题目：“经济学系列讲座”第48期 A Generalized Poisson-Pseudo Maximum Likelihood Estimator
主讲人：Ohyun Kwon 美国德雷塞尔大学Lebow商学院
We propose a Generalized Poisson-Pseudo Maximum Likelihood (G-PPML) estimator that relaxes PPML estimator's assumption that the dependent variable's conditional variance is proportional to its conditional mean. Instead, we employ an iterated Generalized Method of Moments (iGMM) to estimate the conditional variance of the dependent variable directly from the data, thus encompassing the common estimators in international trade literature (i.e., PPML, Gamma-PML and OLS) as special cases. With the conditional variance estimates, G-PPML generates coefficient estimates that are more efficient and robust to the underlying data generating process. After establishing the consistency and the asymptotic properties of GPPML estimator, we use Monte Carlo simulations to demonstrate that G-PPML is less sensitive to the underlying assumption about the conditional variance. Estimations of a canonical gravity model with trade data reinforce the properties of G-PPML and validate the practical importance of our methods.

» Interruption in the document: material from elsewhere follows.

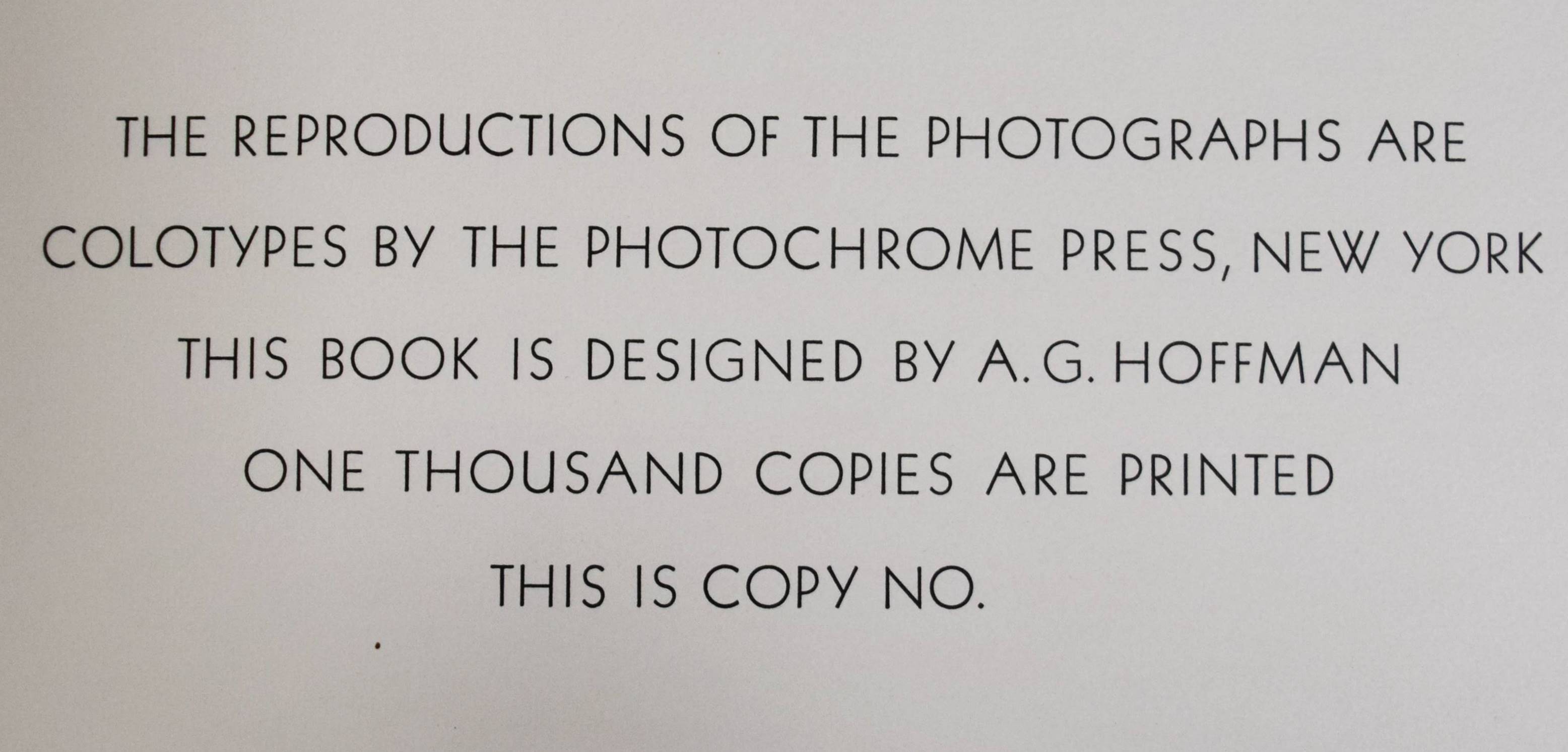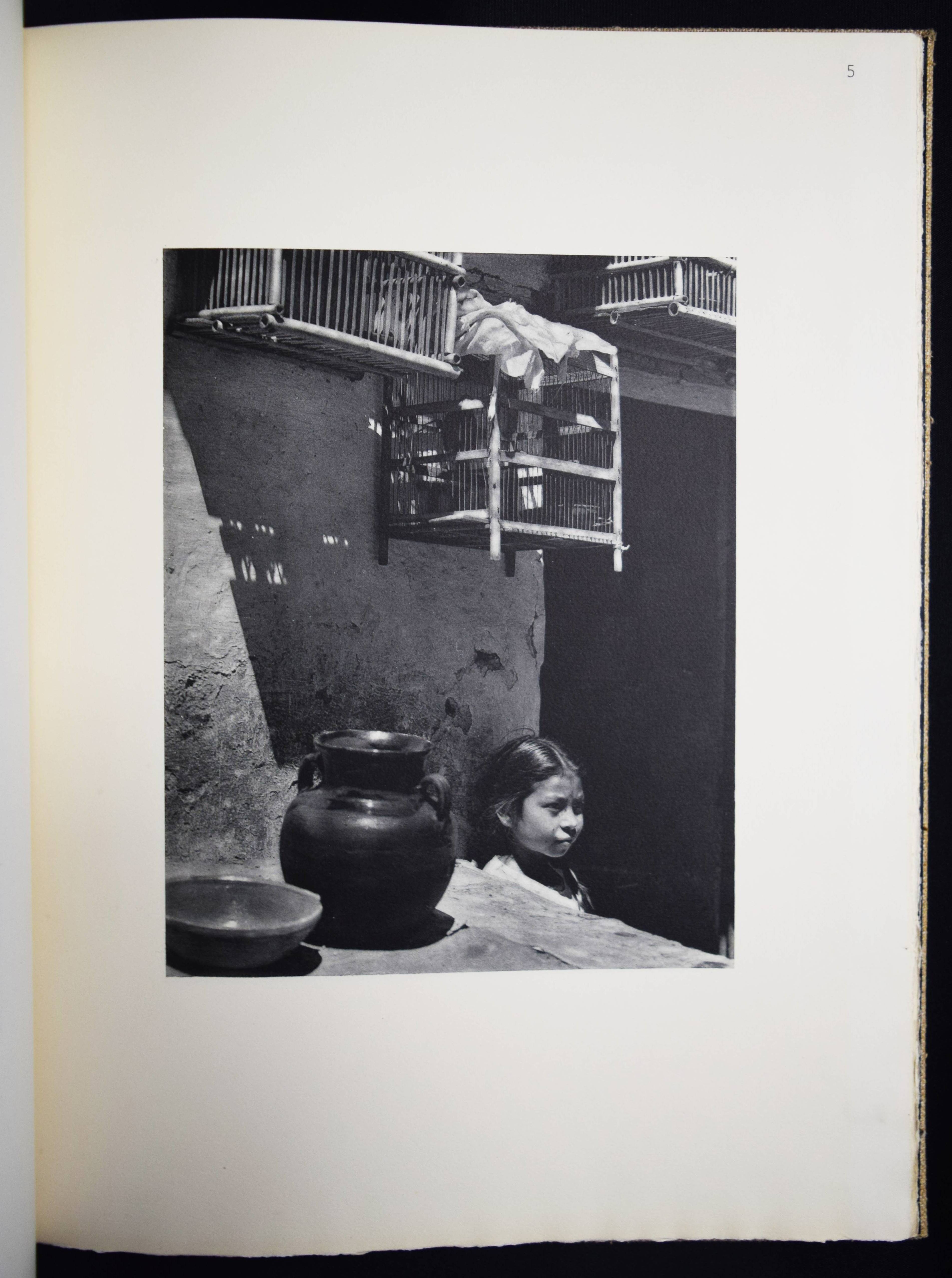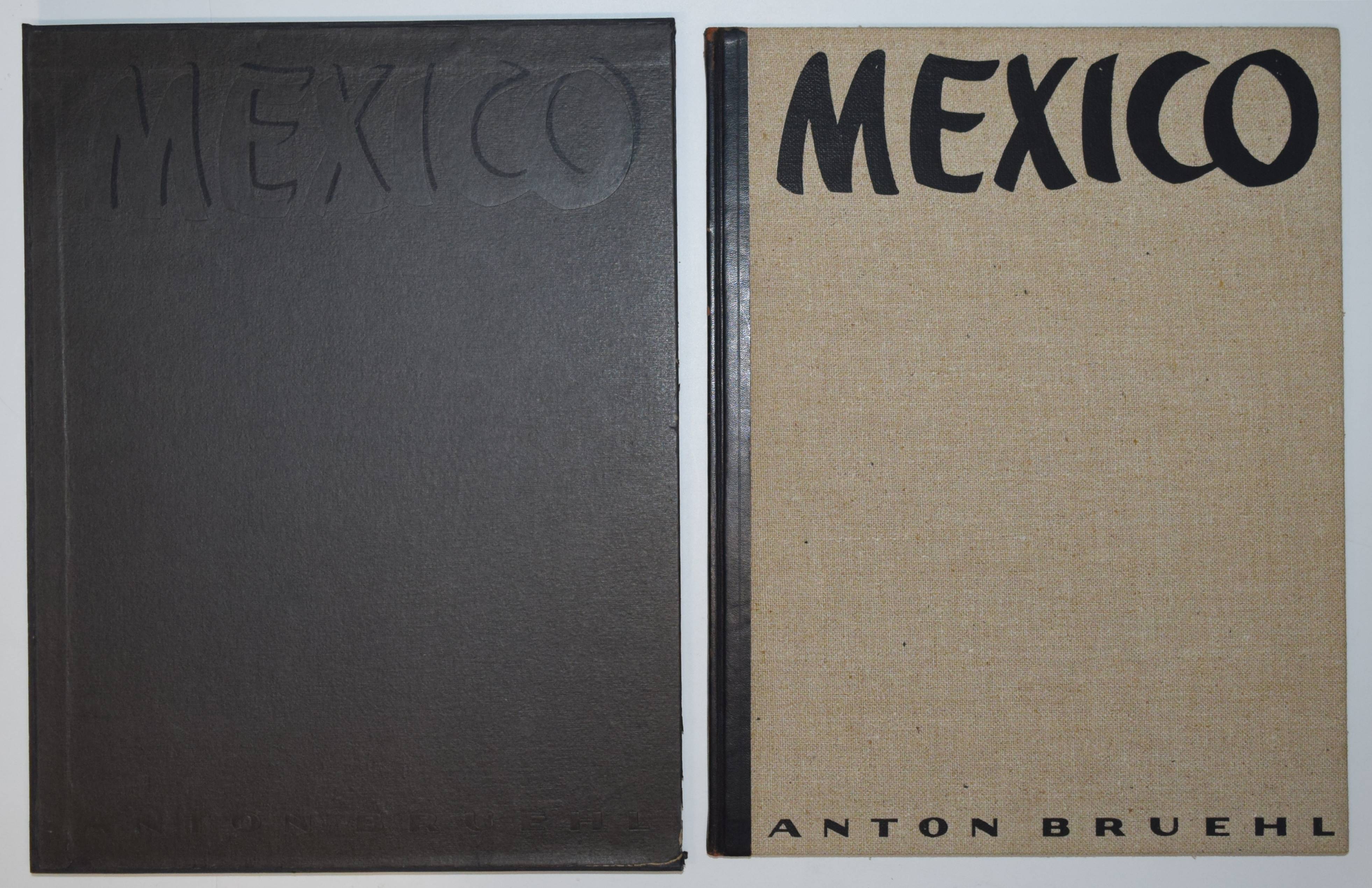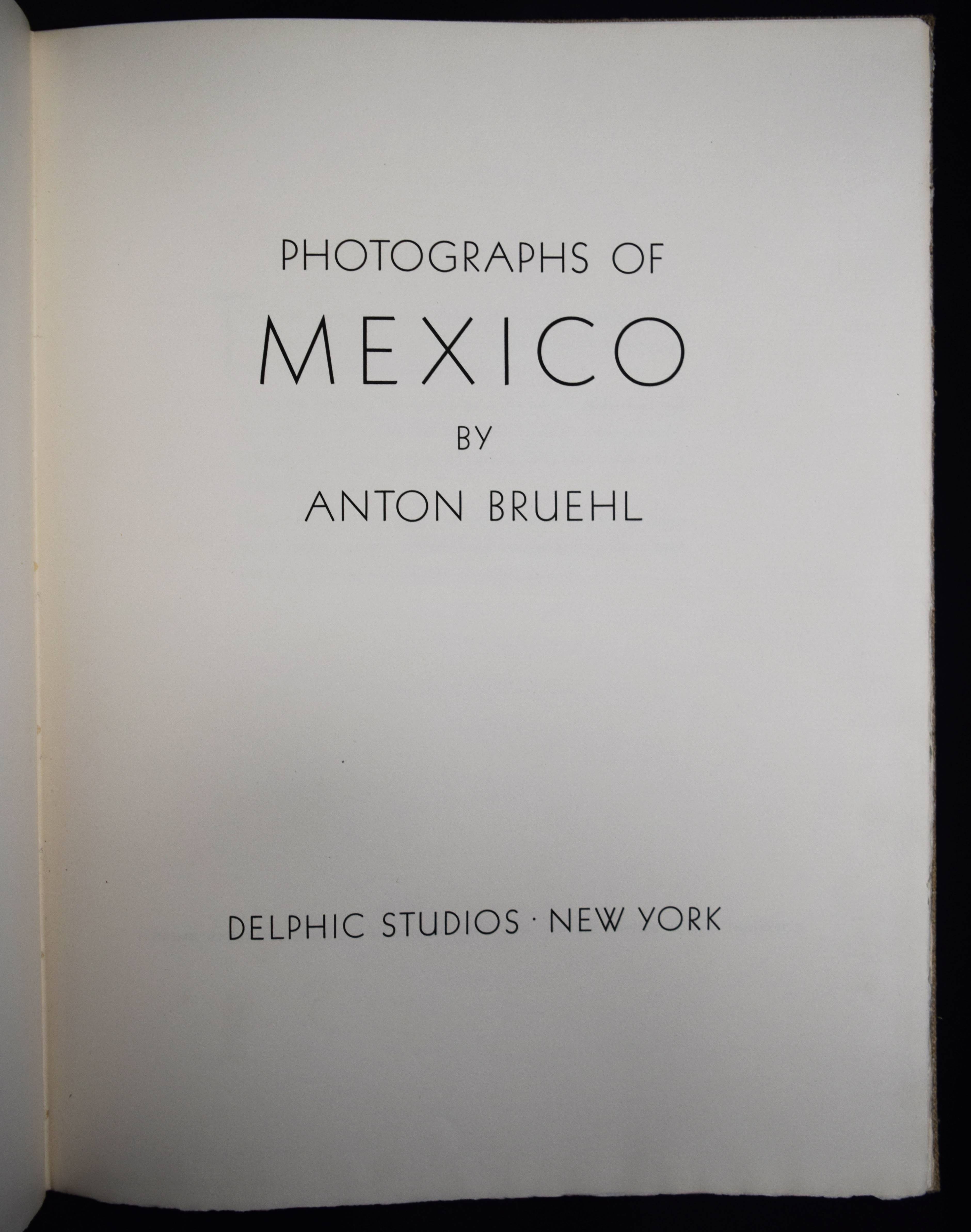 Bruehl, Anton. Photographs of Mexico. (Bookdesign by A. G. Hoffman). New York, Delphic Studios (1933). Folio (42 x 32 cm.). [5] Bl., 25 Lichtdruck-Tafeln (Collotypes, Heliogravure), [2] Bl. Orig.-Halblederband mit Deckeltitel und Pappschuber. Auer 206. Parr/Badger I, 81. Sinibaldi/Couturier 60. – Erste Ausgabe der preisgekrönten Fotodokumentation. Eines von 1000 Exemplaren (vorliegendes Exemplar ohne Nummerierung). – „The images are close in style to those made by Paul Strand in Mexico in 1932-4, although Bruehl’s pictures do not display the sense of suffering that colors much of Strand’s work. The book is an interesting demonstration of the kind of formalist modernism that does not even pretend to make any social analysis of what is being photographed“ (Parr/Badger). – A. Bruehl (1900-1982), geboren in Hawker (Australien) als Sohn deutscher Einwanderer, eröffnete 1925 ein Fotostudio in New York und arbeitete zuerst als Modefotograf für Vogue und Vanity Fair. Außerdem porträtierte er bekannte Filmschauspieler. Alma Reed hatte bereits 1931 Arbeiten Bruehls in ihrer New Yorker Galerie Delphic Studios ausgestellt. – Schuber restauriert, Rücken gering berieben, gutes Exemplar.

Ohyun Kwon is an Assistant Professor at the Drexel University - LeBow College of Business. His recent research focus includes the role of currency in international trade/finance, the impact of trade liberalization on environment and the economic impact of international sanctions. He received his bachelor’s degree in Finance from Peking University in 2012 and his Ph.D. from University of Wisconsin-Madison in 2019.